The faster method comes courtesy of Fabian Giesen (ryg of Farbrausch fame), who posted this to the MollyRocket forums years ago. Another derivation, yielding the same result, can be found here.

In my SSE2 code path, the new method is about 35% faster than the original. Enjoy, and don’t forget to share this gem with other people!

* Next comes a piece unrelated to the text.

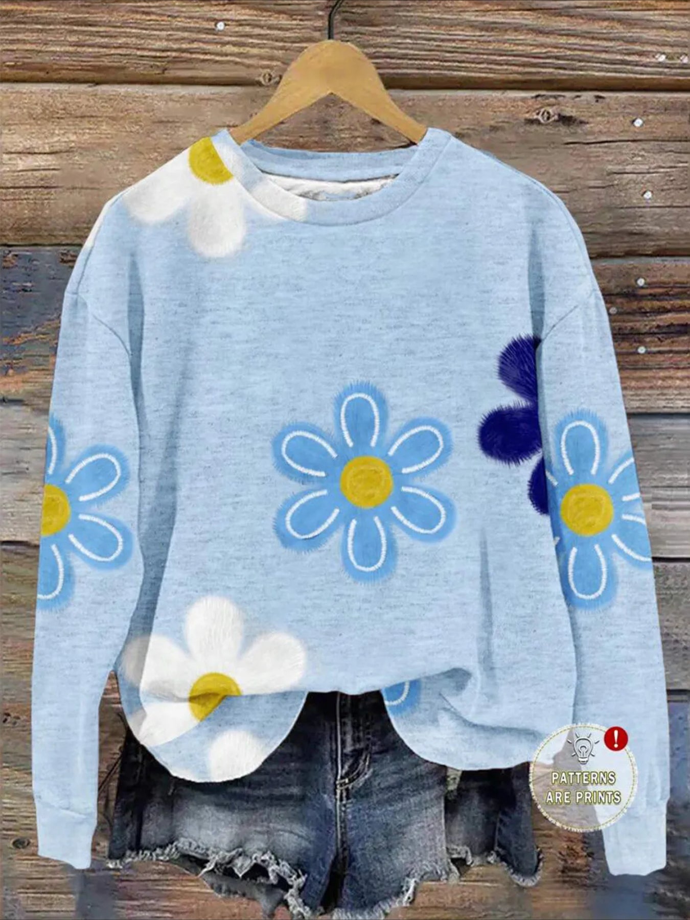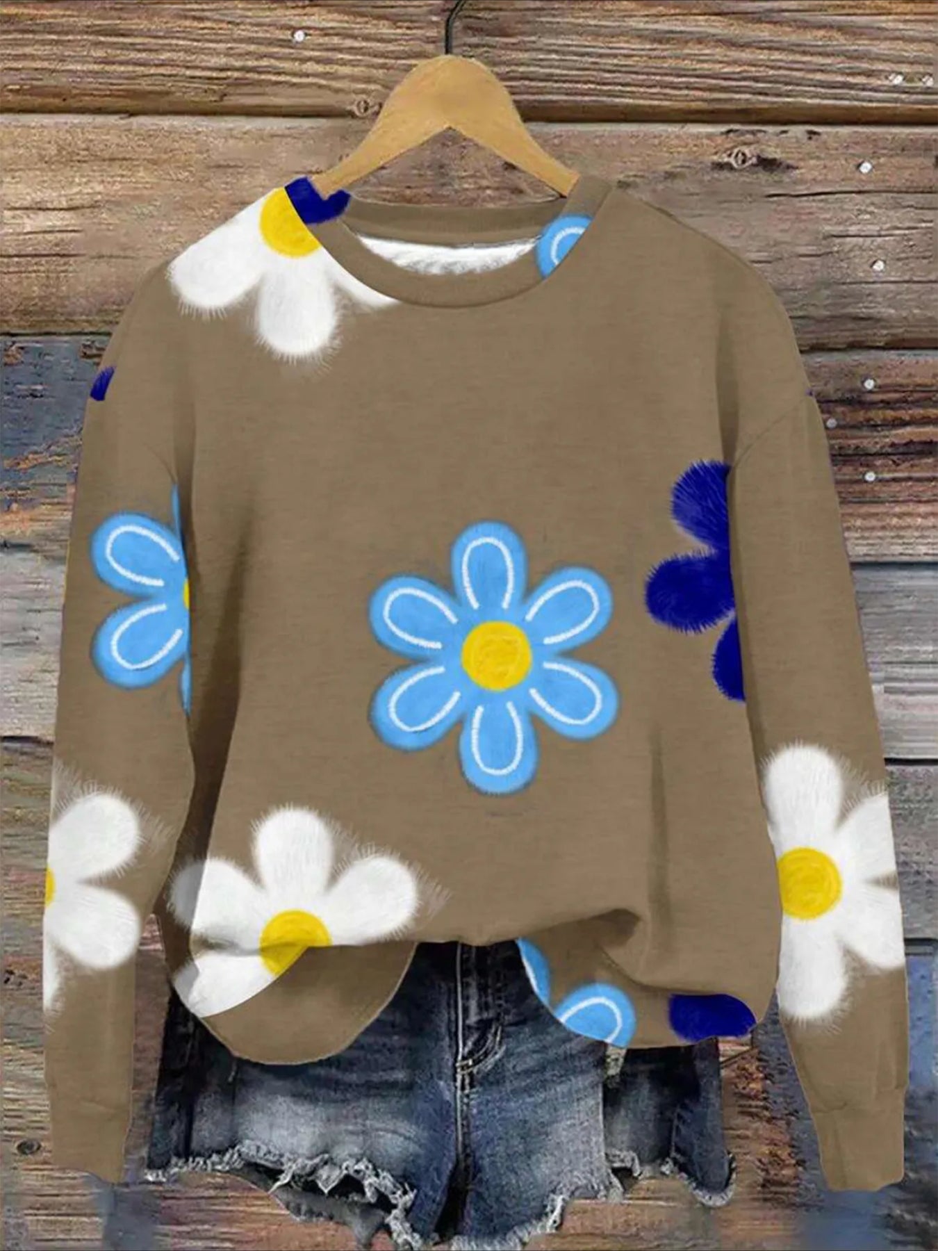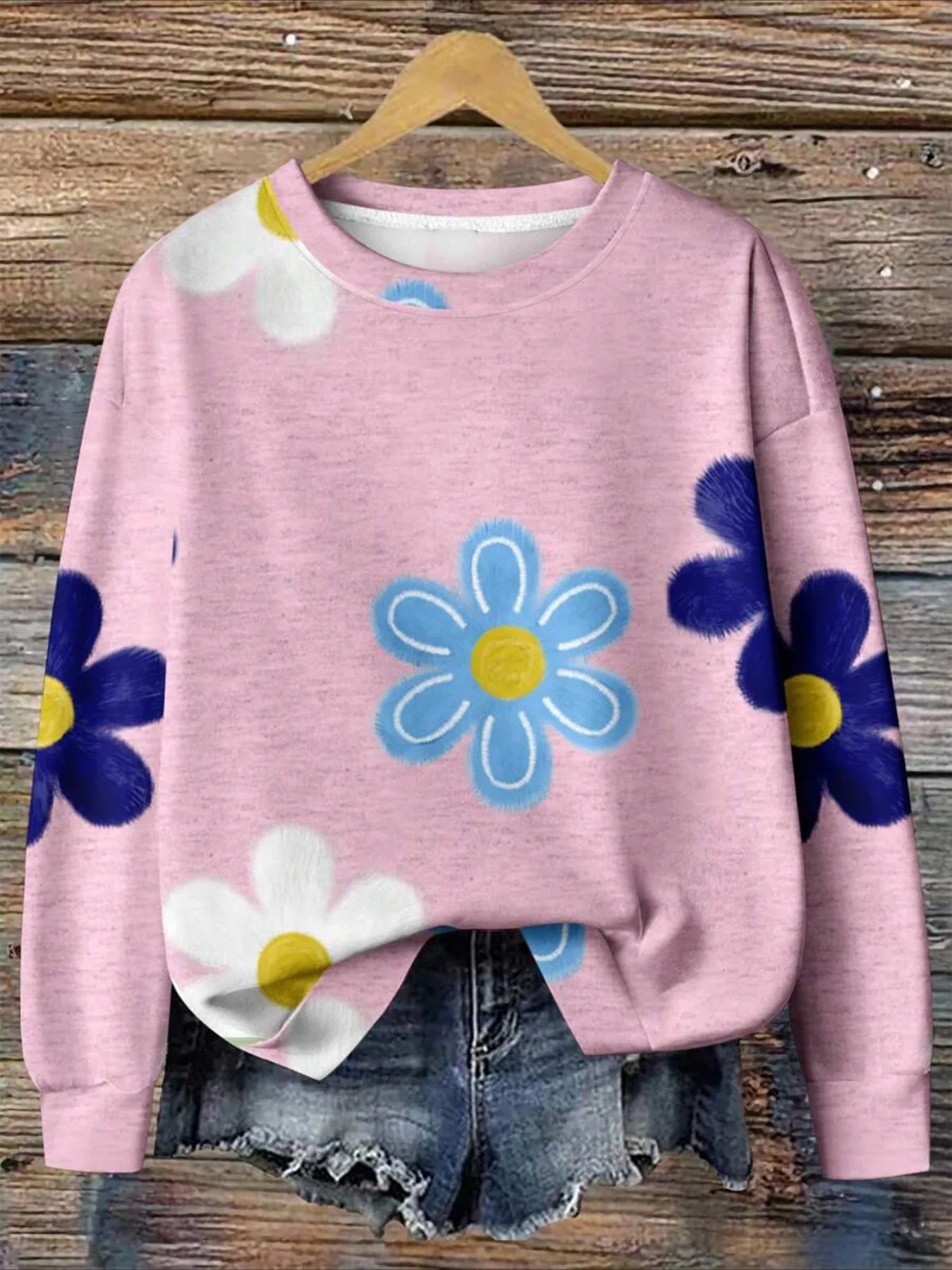 Text Printing Crew Neck Floral Long Sleeve Sweater Hoodie

## 12 thoughts on “A faster quaternion-vector multiplication”

1. Francisco on said:

I optimized the quaternion rotation formula for a vector P and came up with this formula. Where v is the vector part of the quaternion and w is the scalar part. It runs about 15% faster than the formula that you posted here.
p’ = (v*v.dot(p) + v.cross(p)*(w))*2 + p*(w*w – v.dot(v))

• alekzander on said:

It is weird, that your method, which contains 22 float multiplications, 15% faster than post-proposed method with 15 float multiplication, If anything – it should yours to slower.

• tombsar on said:

I don’t think that’s right, Francisco. You’ve turned the term v.cross(v.cross(p)) into -v.dot(v)*p, which is only true in the special case v and p are perpendicular.

• tombsar on said:

Sorry, I somehow missed an entire term of the equation. I have now double-checked that Francisco’s formula is correct.

• Steve on said:

Francisco, I believe there’s a two missing —
. . . + p*(2*w*w – v.dot(v))

• Steve on said:

I believe Francisco’s alternate solution is correct otherwise, with the only assumption being that the quaternion is normalized (which is a common requirement when using them for rotations).

2. tombsar on said:

FYI both source links you provide for the derivation are dead. I think the forum post you mention is archived here: http://mollyrocket.com/forums/molly_forum_833.html albeit in a format that is rather difficult to read.

3. Xun Zhang on said:

This is also what the glm library uses. I found the implementation changes between versions, so the latest one should reflect what the developer finds the fastest.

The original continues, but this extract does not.